Do you think he introduces himself as Bruce Willis?  He has to, right?  ”Hi, my name is Bruce,” doesn’t sound cool enough.  He has to walk right up to you, stick out his hand, crush your fingers and murmur, “Bruce Willis.”

I could not think of another actor of his generation that blurs the line so much between acting and just being.  Sure, actors before him such as Pacino, DeNiro, Nicholson and Walken have done it before, but good God, Bruce Willis is not like Stallone or Schwarzenegger.  The man has talent, he can actually act, but I don’t think he knew how much we loved him until he made The Sixth Sense.  After that completely uninspired film with a few very good performances, he started to take himself too seriously as an actor.  And he really started to cross the line in The Whole Nine Yards, a role that he could really sink his teeth into, but at times seemed to simply ease off and just be Bruce Willis.  By the time they made the unnecessary sequel, The Whole Ten Yards, he turned on the Bruce Willis afterburners and never looked back.  Even as terrific as he was in Sin City as Hartigan, can anybody deny that he was essentially playing himself?  The lone gruff old cop, looking to settle one final score, trying to make things right in the world… blah, blah, blah.  I loved that film and Bruce Willis in it, but Robert Rodriguez knew exactly what he was doing by casting him, along with Mickey Rourke, Clive Owen and Elijah Wood.  But after that movie, and a great cameo in Ocean’s 12 (as, of course, Bruce Willis), I was afraid the Bruce Willis I grew up with was long gone.  So I got home last night and looked for a DVD in my collection, autographed by Damon Wayans.
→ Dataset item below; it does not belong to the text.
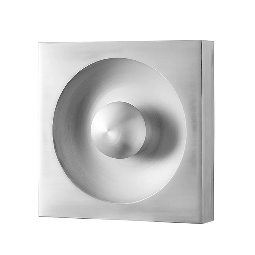 La grande lampe carrée présente un creux circulaire en son centre. La douille de l'ampoule y est également dissimulée au centre, derrière le petit abat-jour hémisphérique. La lumière émise s'y réfracte et l'éblouissement est évité.

My favorite Bruce Willis movie of all time is The Last Boy Scout.  I can quote that Shane Black script for days.  To me, it was the perfect mix of a created character and Bruce Willis.  There are dashes of Bruce Willis in Joe Hallenbeck, but the spirit of Joe Hallenbeck lives inside of Bruce Willis every moment that he is on screen.  He ditches the clever smirk and the glowing confidence of a movie star married to Demi Moore, but wears a sad grin and is filled with the notion that nobody likes him, everybody hates him and he’s going to lose.  Joe Hallenbeck is a personal hero of mine but he simply does not exist without Bruce Willis.  Watching that film reminds of what Bruce Willis used to be and what I know he is capable of becoming again.

2012 is a perfect Bruce Willis year for Bruce Willis.  Not only will he be in the ignorable Expendables 2, but he’s also in the second G.I. Joe, as old Joe.  I mean, these things practically write themselves.  But, then you remember, oh yea, he’s also in Moonrise Kingdom and Looper.  Damn, how does Bruce Willis always stay one step ahead of me?  I guess the old man hasn’t lost his moves just yet.